It took Joel Osteen just 19 years to pay off Lakewood’s $100 million loan
On Sunday, the pastor of one of America’s largest and wealthiest congregations broke down when he announced the megachurch paid off its massive debt.
Pastor Joel Osteen broke down on stage at Houston’s Lakewood Church this past weekend, crying as he told the packed house that their donations paid off its $100 million debt. “It’s because of your faithfulness,” Osteen told his congregation. “You paid it off by the goodness of God.”
For more than two decades, Osteen has led the non-denominational Lakewood Church, one of America’s largest and wealthiest congregations. Osteen took over the pulpit after his father and church founder, John Osteen, died in 1999, and has since grown the church’s weekly attendance from an average of about 5,000 to more than 50,000, while amassing 200 million weekly viewers through his TV broadcasts and digital platforms worldwide.
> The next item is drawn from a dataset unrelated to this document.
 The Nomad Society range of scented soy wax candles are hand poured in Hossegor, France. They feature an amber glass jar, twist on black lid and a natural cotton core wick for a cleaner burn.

Back in 2001, Osteen signed a 60-year lease with the city to move from its 7,800-seat sanctuary in northeast Houston into the Compaq Center, the Houston Rockets’ arena boasting 16,000 seats, Osteen recalled. The pastor paid $11.5 million in rent, using money left to the church by his late father.
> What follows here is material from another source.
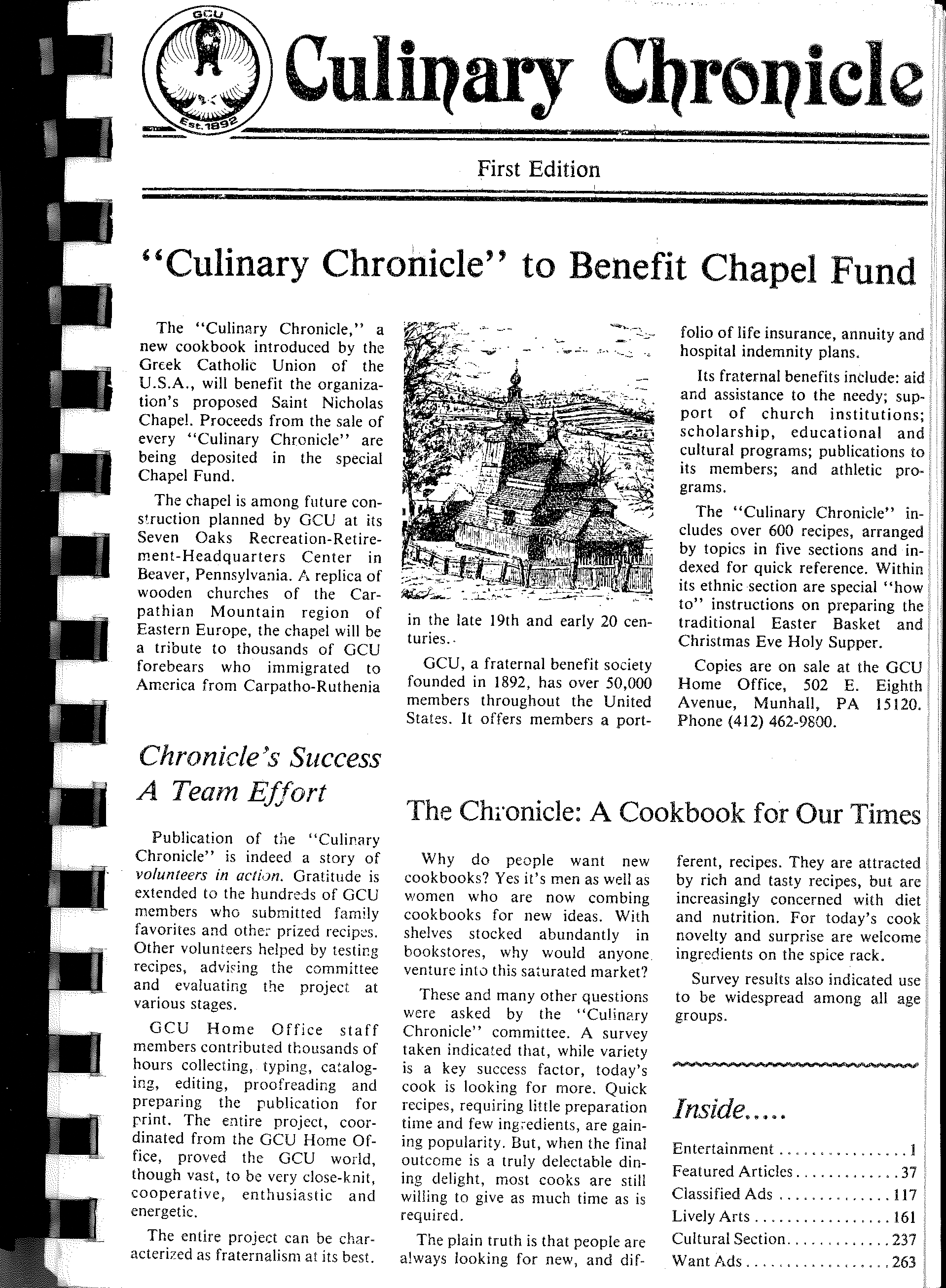The GCU Culinary Chronicle Cookbook was first published in 1985 as a fund raising tool for the proposed construction of a wooden church on the GCU property in Beaver, PA. The dream was realized with the completion of the GCU St. Nicholas Chapel in 1992. The cookbook, over 270 pages of favorite family and ethnic recipes, has continued to be very popular. The proceeds from sales now benefit the GCU Foundation with $1 from each book sold going directly to the GCU Cause of the Quarter. The cookbook is available in its original printed version for a cost of $20 ($10 plus $10 for shipping) or in a downloadable version (PDF) for the cost of $8.

Osteen struck out with the first financial institution, he admitted, before Bank of America offered him a $25 million check for his construction loan. After some relatively quick negotiations, the bank agreed to increase its lending to $100 million.
“As of December 31 of last year, we have officially paid off the $100 million loan,” Osteen said to a standing ovation Sunday. The pastor put his hands to his face, stopping himself and using tissues to wipe his tears. He praised God and reminded the crowd that the church continued to spend “millions of dollars” on its ministry and on its media production that reaches so many across the globe.
Osteen and his wife, Victoria, are beloved by their overwhelming mass of followers yet criticized for preaching so-called prosperity gospel, the belief that people can escape poverty and even find wealth through devotion to God. The tax-exempt church reportedly paid back the $4.4 million it received in COVID-19 disaster funds through the Paycheck Protection Program in 2021 after receiving backlash on social media. The pastors, who’ve said they do not receive a salary from the church, instead amassing their wealth from book sales and the like, claimed none of the federal funding went to them.